No-one expects the US to 'invade' Iran. But what about bombing nuclear plants? I don't think Goff's case is convincing. Goff makes the case that the invasion of Iraq has been counter-productive for the US, and that it will end in military defeat. And that an invasion of Iran would be an even bigger mistake. Goff seems to be adopting a fairly standard Marxist view of the US economy as weak, subject of crises of falling profits, and driven to expansion (primitive accumulation of booty) to boost its profits.

Against this, he estimates that the cost of Iraq has been counterprodutive since the amount of booty to boost profits (oil, and prospective oil from the region and central Asia) has been more than offset by the costly drain on profits. But this cost benefit analysis does not go into sufficient detail and is a bit shortsighted in my opinion. Let's look at Vietnam. The conventional wisdom coming out of Vietnam was that the US had lost the war, militarily certainly, politically maybe, but economically in the long run Vietnam was pretty much smashed and the US has now gone back into Vietnam to recolonise it. That's why the radical Chomsky says that the US won the war.The long-run benefits for US imperialism of invading Iraq can't be checked off against short term costs.
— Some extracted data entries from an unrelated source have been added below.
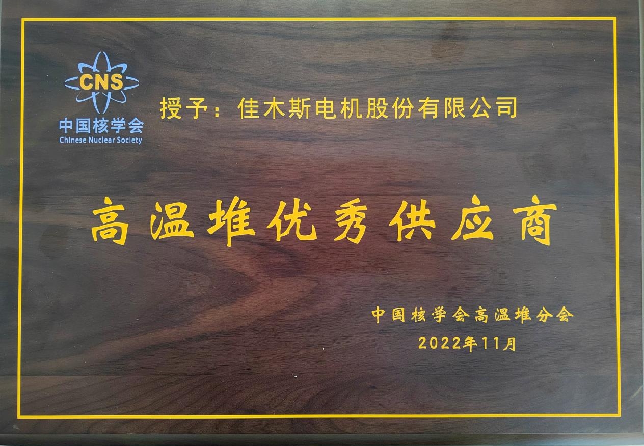 此次全球首座具有第四代先進核能系統(tǒng)特征的球床模塊式高溫氣冷堆在中國實現(xiàn)了從“實驗室”到“工程應(yīng)用”質(zhì)的飛越,其中佳電股份設(shè)計制造的主氦風(fēng)機設(shè)備在核電工程中擔(dān)任“心臟”功能,具有完全的自主知識產(chǎn)權(quán),打破了國外技術(shù)壟斷,解決了卡脖子技術(shù)難題,獲得了相關(guān)專家與業(yè)主的一致肯定與好評。為表彰在石島灣高溫氣冷堆核電站示范工程建造過程中做出突出貢獻的優(yōu)秀供應(yīng)商,繼續(xù)深化高溫堆產(chǎn)業(yè)鏈的整合,中國核學(xué)會高溫堆分會組織開展高溫堆優(yōu)秀(合格)供應(yīng)商評選活動,佳電股份獲得此項殊榮。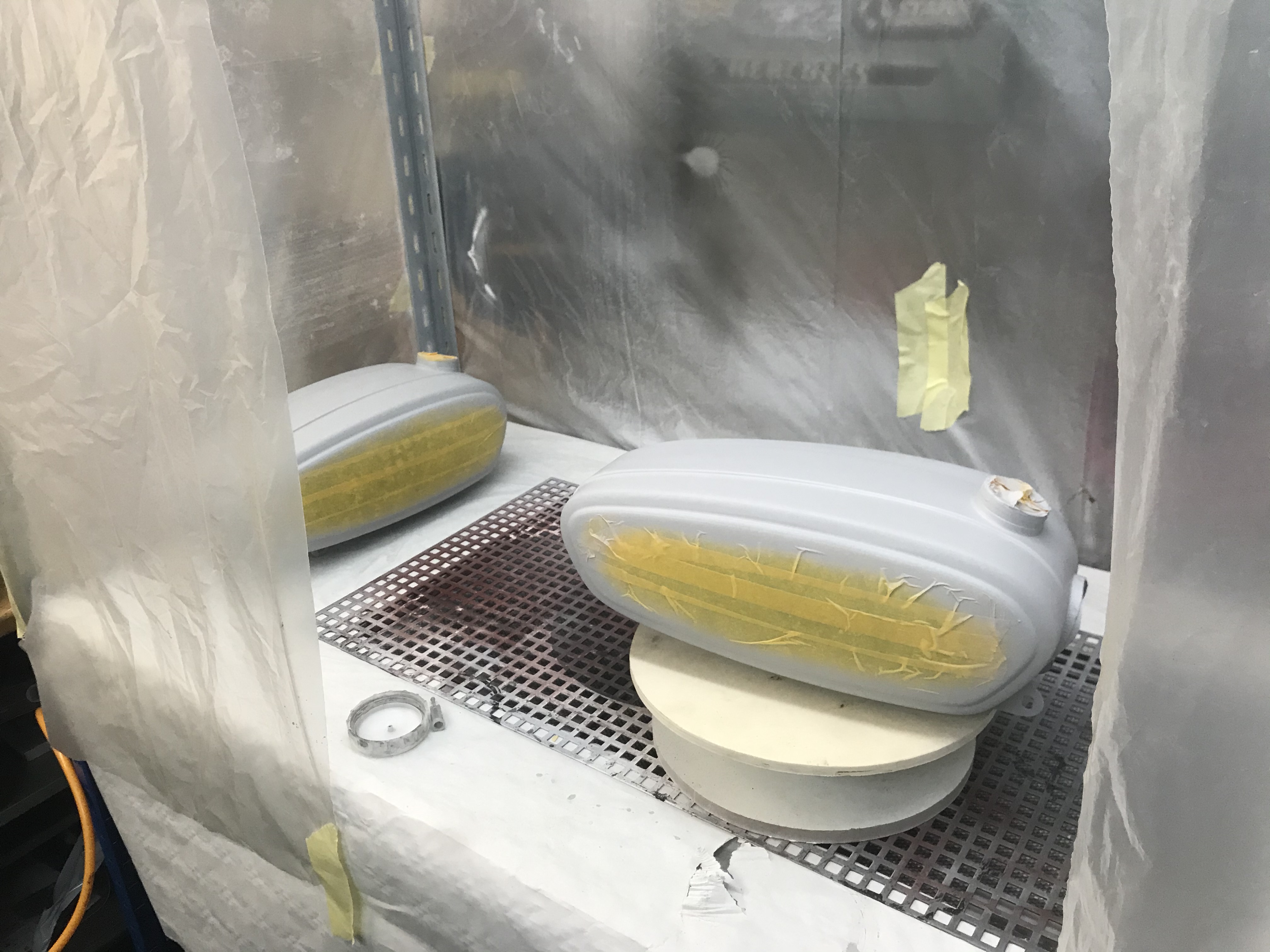 Normalerweise ist das obere Gestell gar nicht drauf, das Papier auch nicht, das nehm ich nur zu Schutz vor Öl und so her.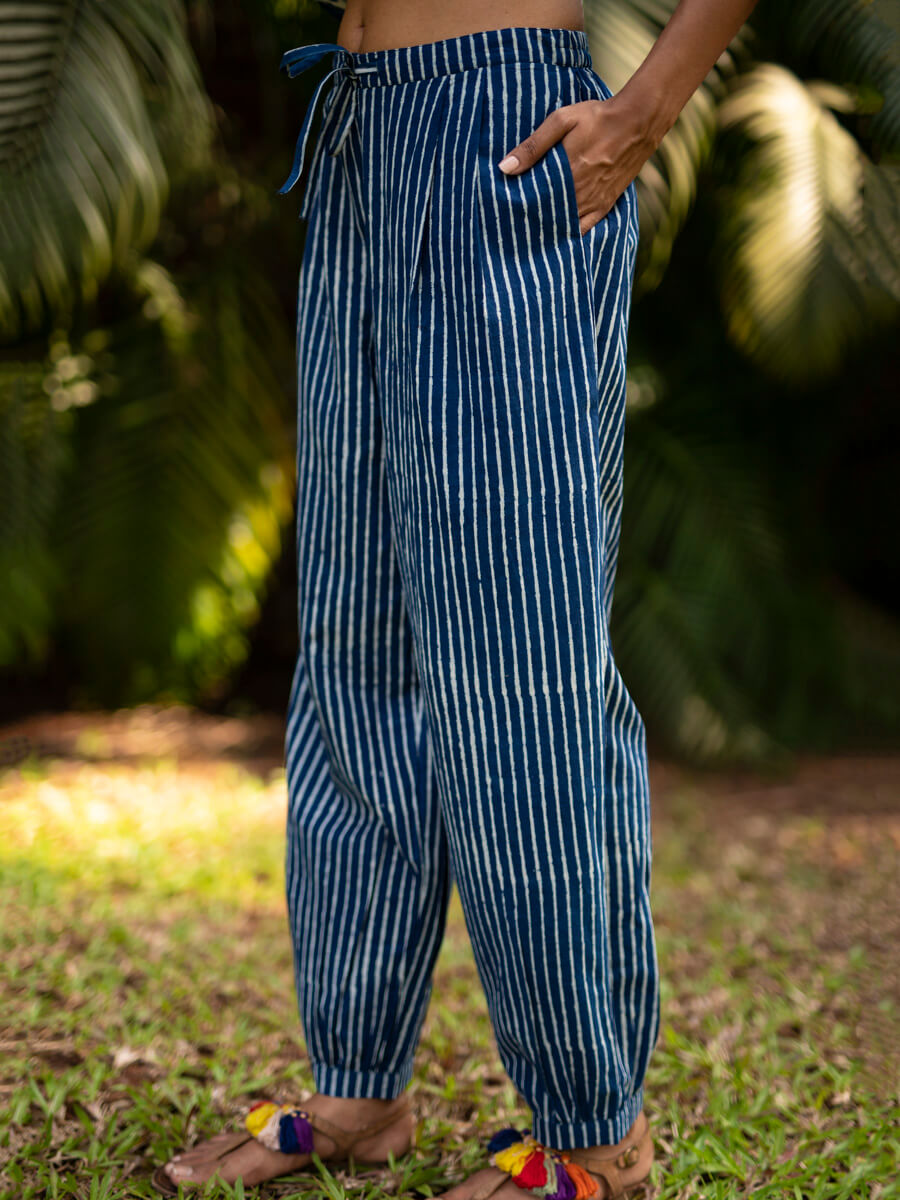 • Elegant, fine cotton, indigo kurta with lantern pants
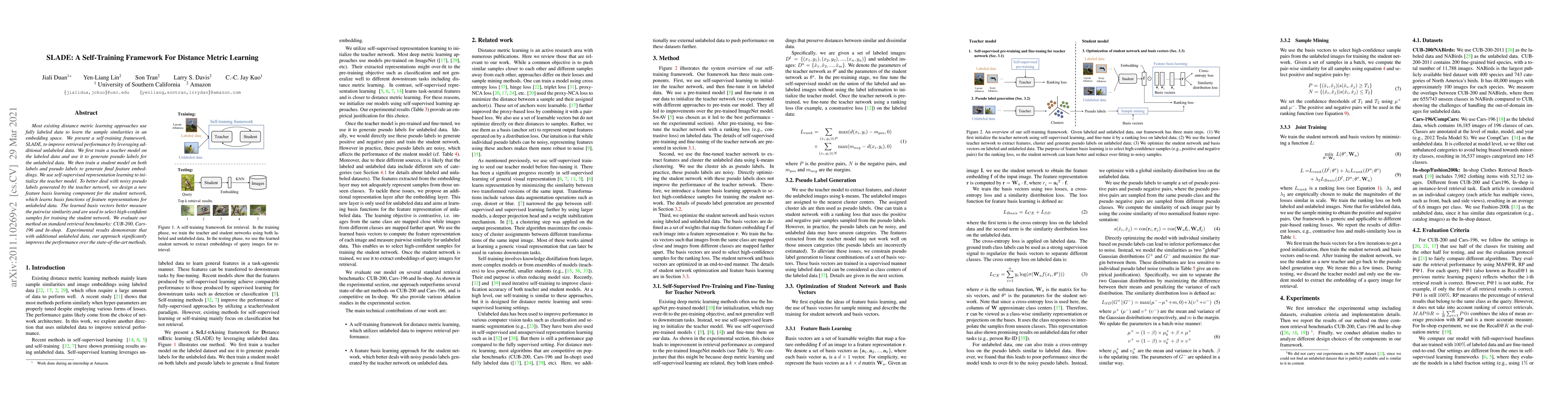 SLADE is a self-training framework for distance metric learning that leverages unlabeled data to enhance retrieval performance. It uses a teacher model to generate pseudo labels and a student model trained on both labeled and pseudo-labeled data, incorporating self-supervised learning and a feature basis learning component to handle noisy pseudo labels.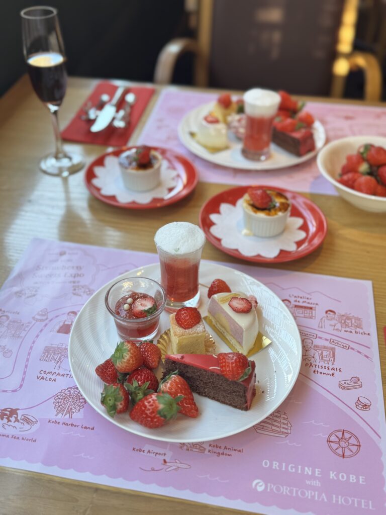 友人と神戸ポートピアホテルで開催中のいちごビュッフェ「神戸いちごSweets博覧会」へ行ってきました。

The US set a precedent for 'preventive war' and got UN backing (i.e. its imperialist rivals buckled and came on board). It outbid the EU in the middle east oil stakes and re-asserted the world money role of the dollar against the Euro. The 'demonstration effect' that Goff likes to point to was obvious in the threats to any former client state trying to do a Saddam and buck US hegemony. The US can do an Israel any day, and target an air strike on any country in the region as it did weeks ago in Pakistan, its ally. The Middle East masses understand this when they see Israel as the model for the US invasion. What's more the US and its subdued imperialist rivals (see how Chirac sucks up to the US) have all launched domestic attacks on their working class in the name of anti-terror laws. This means that any resistance to the cost of the war on terror being imposed on workers in these countries can be supressed in the name of counter-terrorism.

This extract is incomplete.